The following sections present the main results of the cumulative effects assessment. We begin by presenting and discussing results from the partial models, i.e. cumulative stressors, cumulative valued components, and cumulative exposure; these results provide a starting point for interpreting the cumulative effects assessment results by exploring smaller portions of the full assessment. We then present the results of the full cumulative effects assessment based on the assessment general model.

5.1 Cumulative stressors and hotspots

The method used to obtain the following results is presented in section 3.2.2.1 of the report.

The assessment of cumulative stressors in the study area indicates that the entire study area is exposed to at least low levels of environmental stressors related to marine vessel activities (Figures 5.1 and 5.2). Large port cities and the waterway are particularly exposed to stressors. In the fluvial sector, the Quebec City, Trois-Rivières, Sorel-Tracy, and Montreal regions are environments at risk from the effects of stressors; in the marine sector, the regions most at risk are the south of Île d’Orléans, the mouth of the Saguenay River, Rivière-du-Loup, Rimouski, Matane, and Baie-Comeau. Since the fluvial sector is much narrower than the marine sector, environmental stressors are more concentrated there than in the marine sector, where stressors are widespread but spatially diffuse. All of these observations are reinforced by the results of cumulative hotspots, which allow for a more precise delineation of the environments most exposed to the accumulation of high-intensity stressors (Figure 5.3).

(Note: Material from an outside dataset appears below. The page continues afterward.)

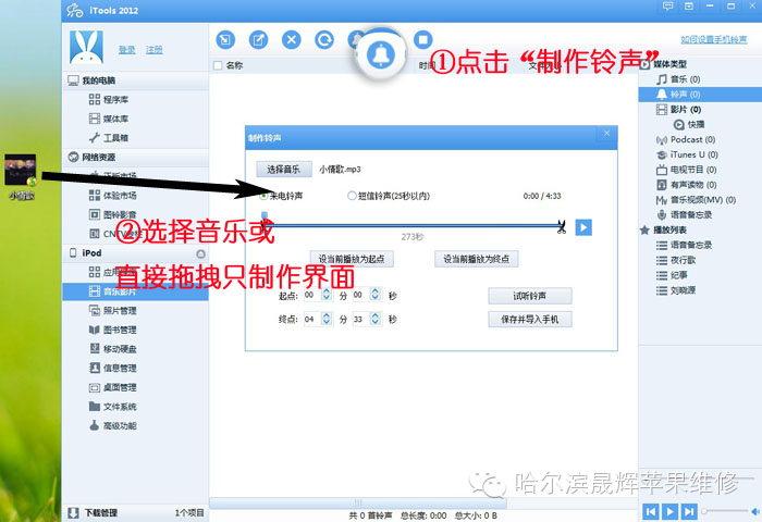 设备连接上itools之后,打开【音乐影片】-【铃声】,点击“制作铃声“,直接选择歌曲或将音乐拖入制作页面。

The most prevalent environmental stressors are shipping throughout the study area and commercial fisheries (Figure 5.4). Marine pollution is also widespread in the study area (Figure 5.4), an expected observation since it was assessed using the distribution of shipping and fishing, among other things (see section 4.2.7). The distribution of anchorages, accidental spills, dredging activities, and shipwreck sites, on the other hand, are distributed in an ad hoc manner throughout the study area (Figure 5.4). A number of these stressors, however, overlap at high intensity within environments that are also exposed to shipping, fishing, and pollution; these stressors thus contribute to the total exposure of the environments most exposed to cumulative stressors in the study area.

Figure 5.1: Distribution of cumulative stressors in the study area.

Figure 5.2: Distribution of normalized cumulative stressors in the study area

Figure 5.3: Distribution of cumulative hotspots in the study area

Distribution of cumulative stressors in the study area for each category of environmental stressors considered in this study. In cases where the stressors is composed of a single category (*i.e.* anchorages and shipwrecks), this corresponds to the log-transformed and standardised intensity of those stressors.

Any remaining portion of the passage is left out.